(RAW DATA)

************

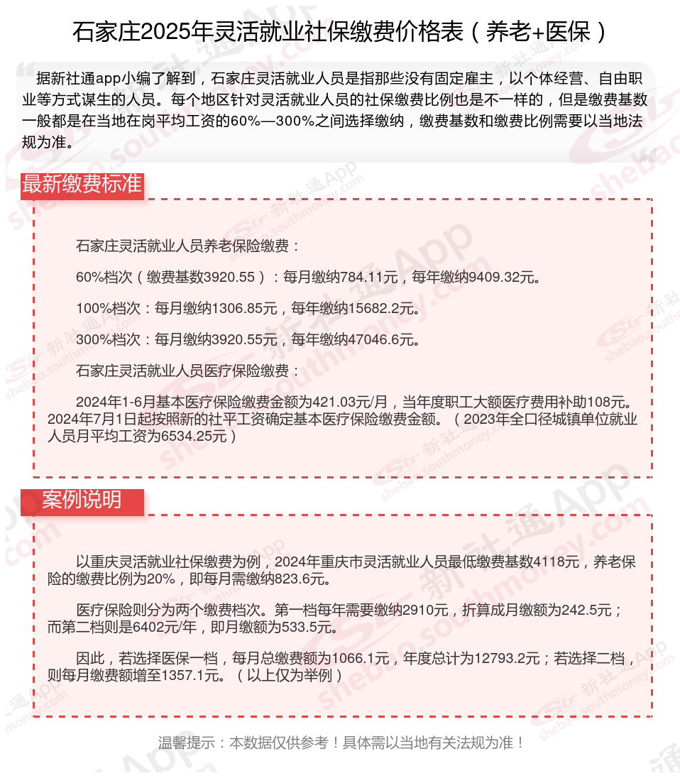 灵活就业,作为一种非传统的就业方式,近年来蓬勃发展。那么2025年石家庄灵活就业人员社保需要交多少钱?下面随新社通小编一起来看看。
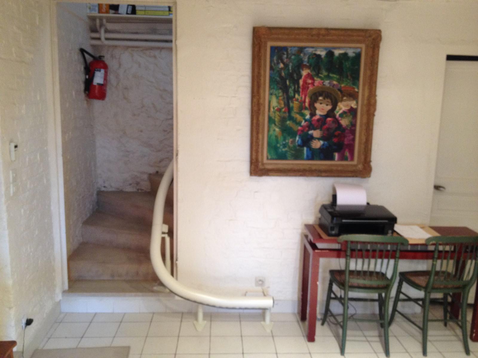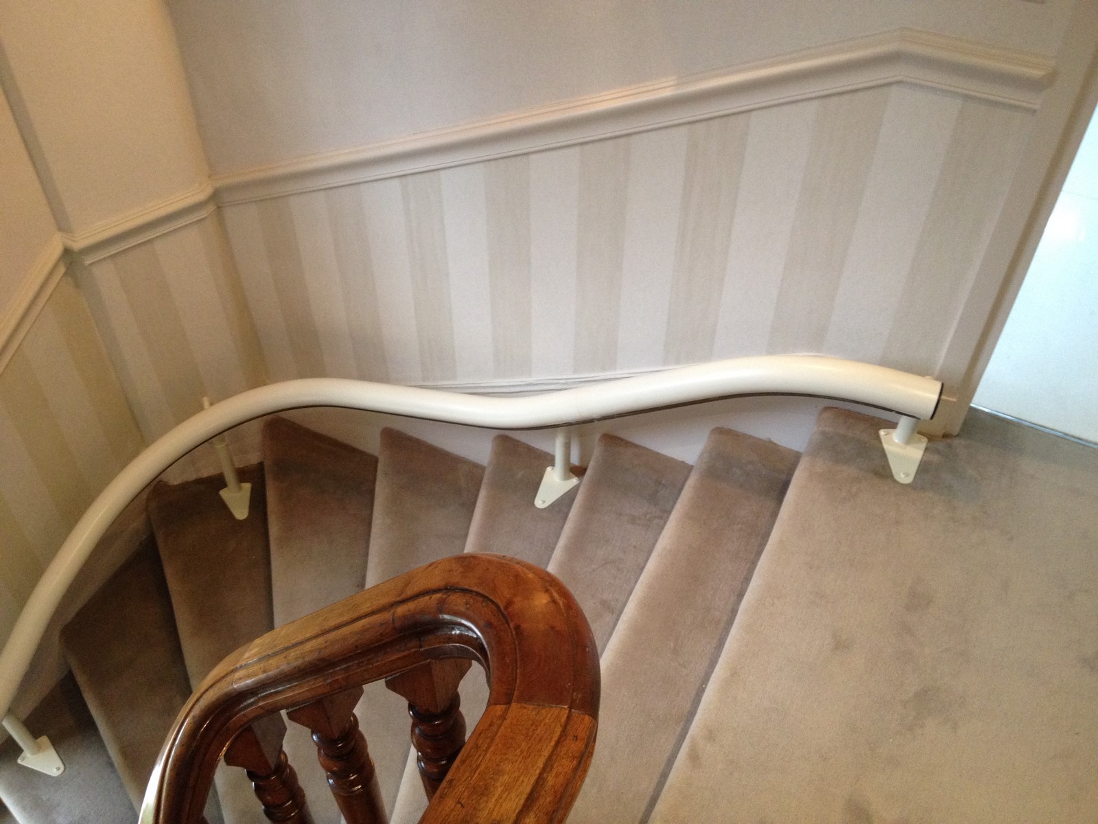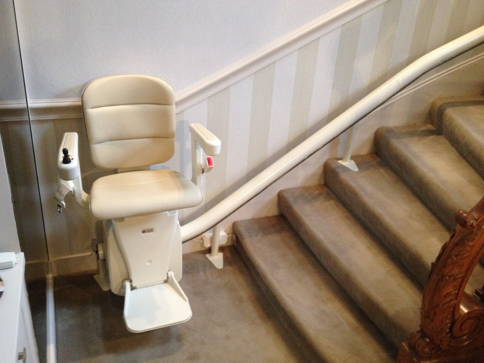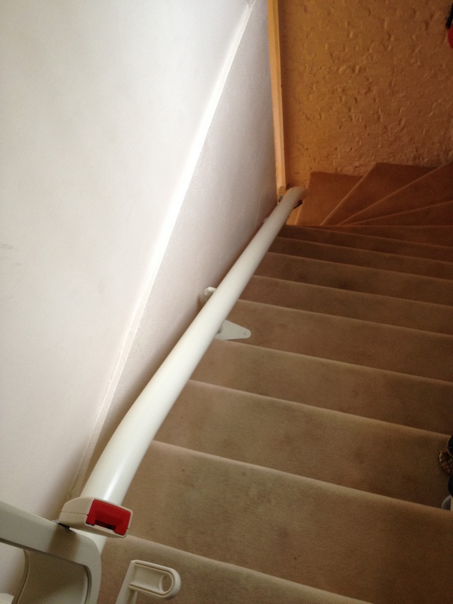 Ce siège monte handicapé a été placé sur la courbe extérieure de l'escalier et nous avons procédé a une prolongation du rail en bas de l'escalier.
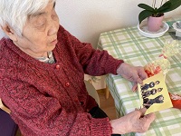 お部屋に戻り、娘様から頂いたポストカードを優しそうに見つめるU様。

************

(EXERCISE AIM) Copy out every line above without change, dropping the pictures.

(TASK OUTPUT)
 灵活就业,作为一种非传统的就业方式,近年来蓬勃发展。那么2025年石家庄灵活就业人员社保需要交多少钱?下面随新社通小编一起来看看。
 Ce siège monte handicapé a été placé sur la courbe extérieure de l'escalier et nous avons procédé a une prolongation du rail en bas de l'escalier.
 お部屋に戻り、娘様から頂いたポストカードを優しそうに見つめるU様。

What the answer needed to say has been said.